* [TRY IT]
None of the images should appear in your copy. Transcribe the data in full.

* [DATA SEGMENT]
+ + + + +

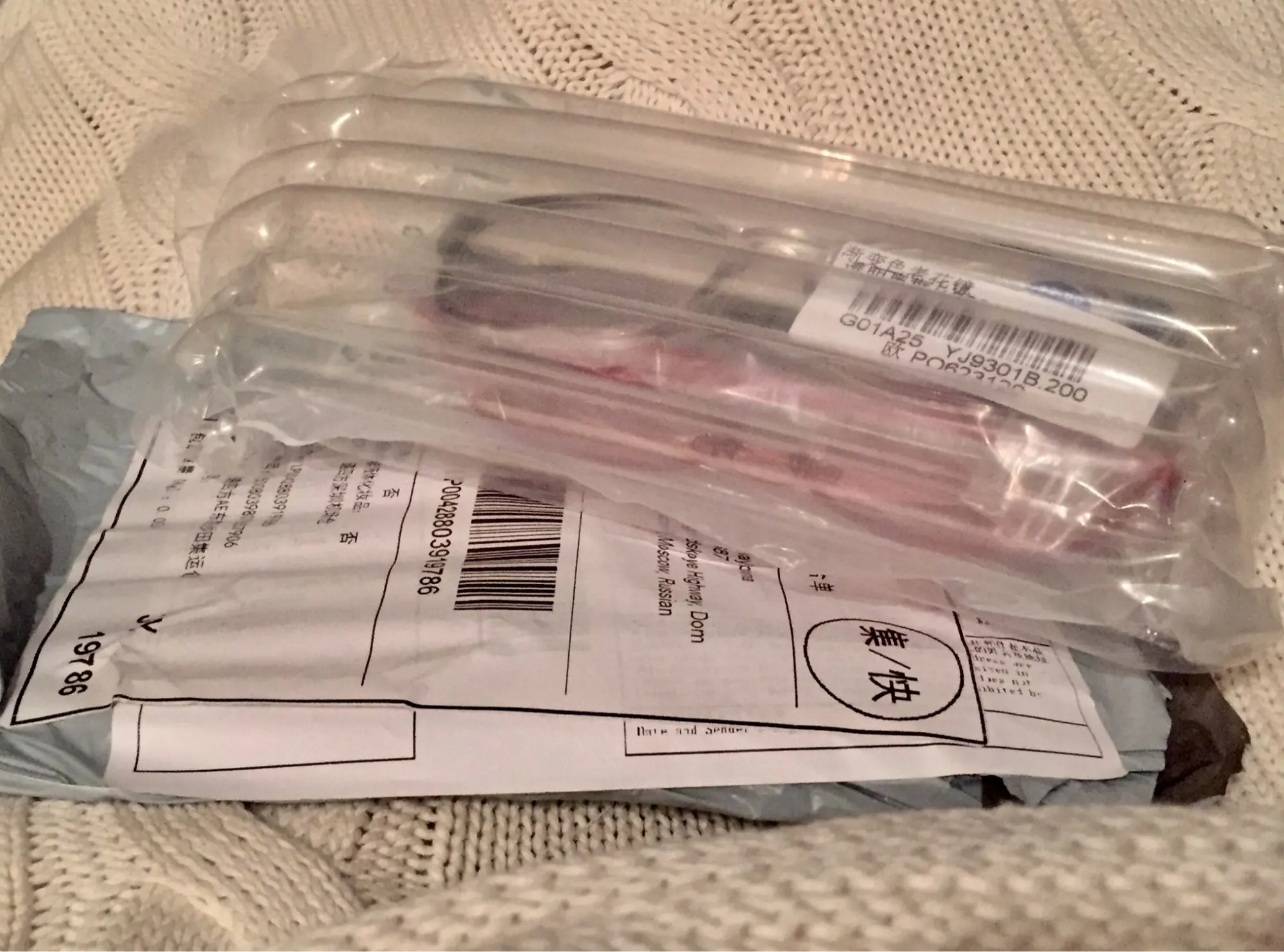 Страна: KZ Frame Color: Red Eye Prescription: +250 Доставка: Cainiao Super Economy Global 10.03.2021
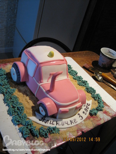 похожа на машину в стиле ретро) а зачем алиночке трактор? убрать бы трубу а на капот посадить плюшевых зверят из мастики и сзади бантик на багажник.
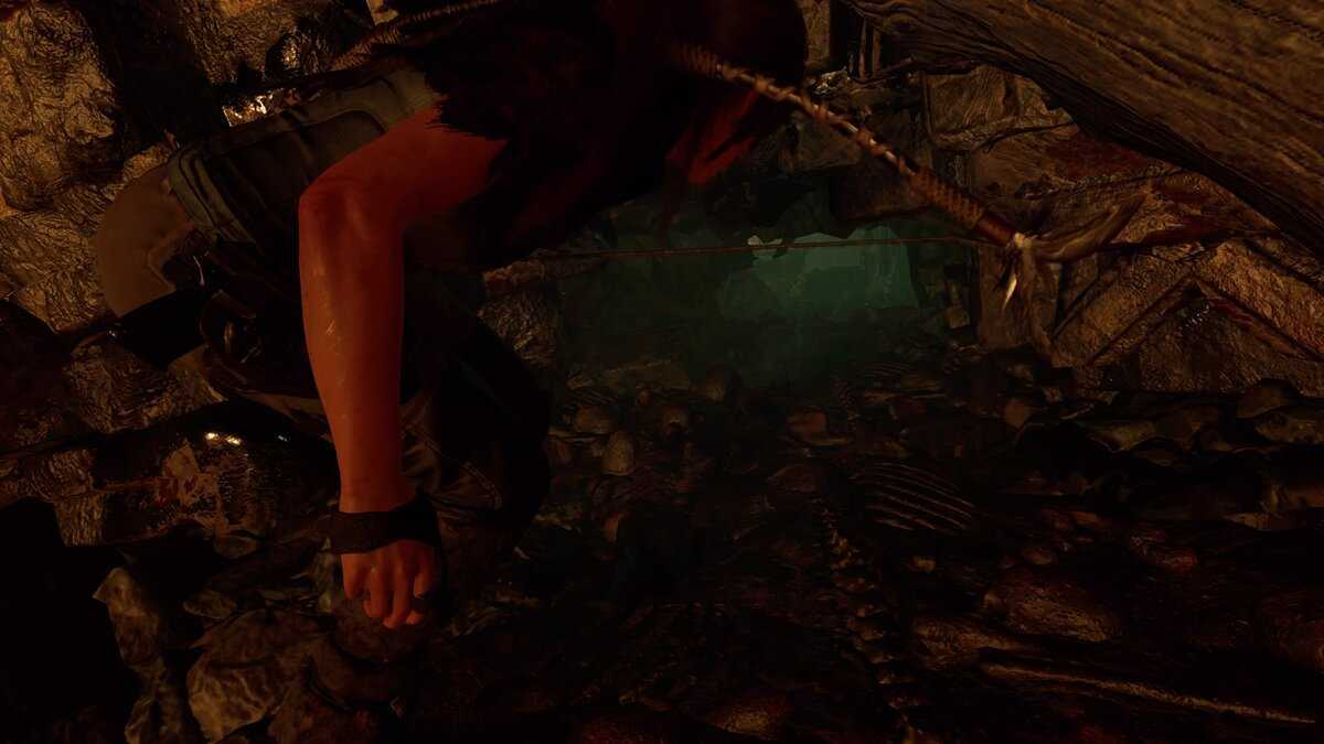 Идите вперед. В конце пещеры будет крутой спуск, после которого нужно успеть прыгнуть и ухватиться ледорубами за скалу. Спуститесь по веревке, раскачайтесь и прыгайте на небольшую площадку. Ухватитесь за уступ в стене и спускайтесь еще ниже. Подойдите к небольшому отверстию в стене чтобы Лара проползла. После очередного спуска вас ждет поединок с несколькими животными, похожими на лис. После боя изучите фреску и подойдите к обрыву с горящей нефтью. При помощи лука соорудите веревочный лаз.

+ + + + +

* [WORKED SOLUTION]
 Страна: KZ Frame Color: Red Eye Prescription: +250 Доставка: Cainiao Super Economy Global 10.03.2021
 похожа на машину в стиле ретро) а зачем алиночке трактор? убрать бы трубу а на капот посадить плюшевых зверят из мастики и сзади бантик на багажник.
 Идите вперед. В конце пещеры будет крутой спуск, после которого нужно успеть прыгнуть и ухватиться ледорубами за скалу. Спуститесь по веревке, раскачайтесь и прыгайте на небольшую площадку. Ухватитесь за уступ в стене и спускайтесь еще ниже. Подойдите к небольшому отверстию в стене чтобы Лара проползла. После очередного спуска вас ждет поединок с несколькими животными, похожими на лис. После боя изучите фреску и подойдите к обрыву с горящей нефтью. При помощи лука соорудите веревочный лаз.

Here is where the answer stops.